- Relator(a)
- HUMBERTO MARTINS
- Órgão julgador
- T3 - TERCEIRA TURMA
- Data do julgamento
- 12/08/2026
- Data de publicação
- 17/08/2026
STJ – Acórdão, Rel. HUMBERTO MARTINS, T3 - TERCEIRA TURMA, j. 12/08/2026, p. 17/08/2026
PROCESSUAL CIVIL E CONSUMIDOR. RECURSO ESPECIAL. PLANO DE SAÚDE. REAJUSTE POR MUDANÇA DE FAIXA ETÁRIA (59 ANOS). REAPRECIAÇÃO EM JUÍZO DE RETRATAÇÃO NA ORIGEM. MANUTENÇÃO DO ACÓRDÃO RECORRIDO. ABUSIVIDADE RECONHECIDA PELAS INSTÂNCIAS ORDINÁRIAS. INDICE DESARRAZOADO (131,73% COM IMPACTO PRÁTICO DE 88,98%).

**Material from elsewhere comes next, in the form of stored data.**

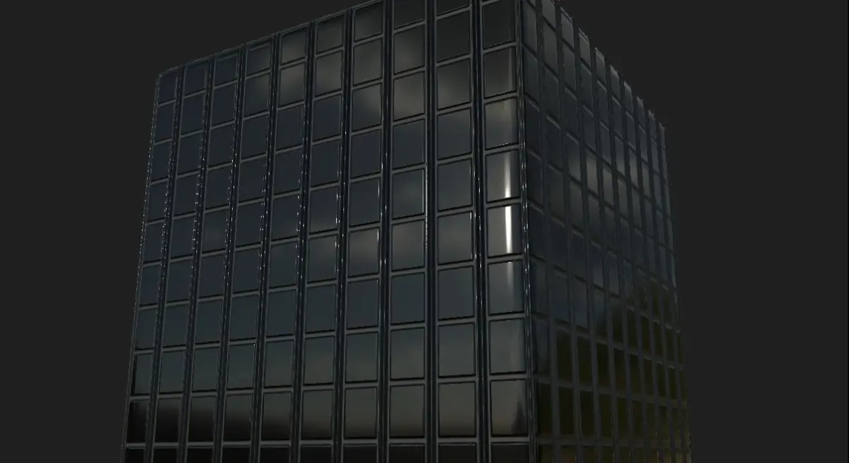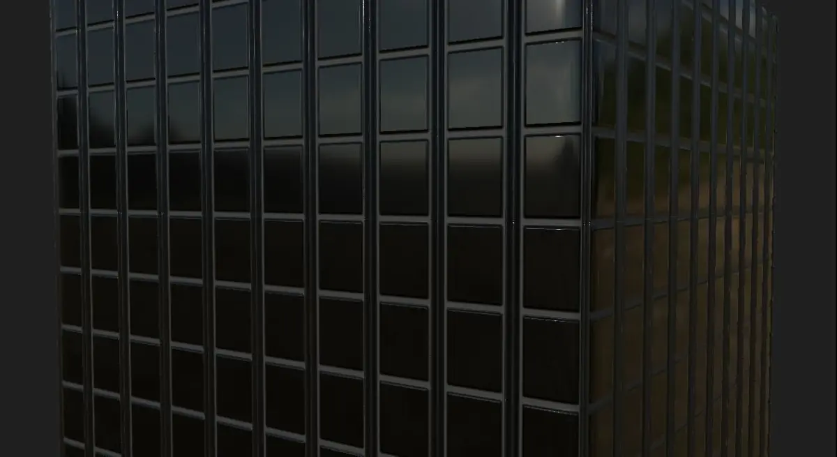 Dark tinted glass skyscraper building facade with modern and sleek semi luxurious semi corporate styling. Suitable for artistic backgrounds, cgi design, architectural rendering, animation, and level design use. Great for hotel design and corporate skyscraper, shopping malls, office halls, generic urban building facade use. RAR file contains base .sbs file and .png occlusion map, albedo map, height map, metallic map, normal map and roughness map images. All data is created at 4096x4096 resolution that can be lowered if necessary. All data is also procedural, that means buildings built with this texture can be horizontally and vertically infinite.
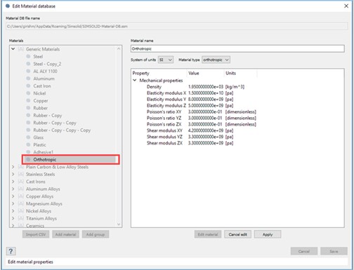 现在支持正交各向异性材料。这些材料的材料属性沿着相互正交的轴不同。您可以通过选择直生的材料类型。
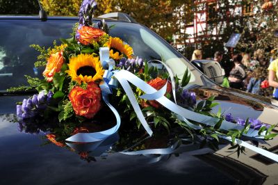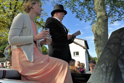 Nobel geht es heute zu, in dieser Karosse fahren Jana und Pascal durchs Ort.

AUSÊNCIA DE SUPORTE ATUARIAL IDÔNEO. REVISÃO. IMPOSSIBILIDADE. SÚMULAS N. 5/STJ E 7/STJ.1. Cinge-se a controvérsia em verificar a legalidade do reajuste por faixa etária de 131,73% (com reflexo prático de 88,98%) aplicado aos 59 anos de idade, cuja abusividade e ausência de lastro atuarial idôneo foram declaradas pelo Tribunal de origem em sede de juízo de retratação (Temas n. 952/STJ e 1.016/STJ).2. O Tribunal a quo, com amparo nos elementos fático-probatórios dos autos e nos termos do artigo 51, inciso IV, do Código de Defesa do Consumidor, concluiu pelo caráter desarrazoado, aleatório e excessivamente oneroso do reajuste implementado pela operadora, diante da completa ausência de Nota Técnica Atuarial idônea a justificá-lo.3. A alteração das conclusões adotadas pela instância ordinária para acolher a pretensão recursal seja para afastar o reconhecimento da abusividade, seja para chancelar a higidez matemática do índice demandaria, necessariamente, o reexame do acervo de provas e a interpretação de cláusulas contratuais, providência vedada na instância extraordinária a teor das Súmulas n. 5/STJ e 7/STJ.Recurso especial não conhecido. (REsp n. 2.103.872/SP, relator Ministro HUMBERTO MARTINS, Terceira Turma, julgado em 12/8/2026, DJEN de 17/8/2026.)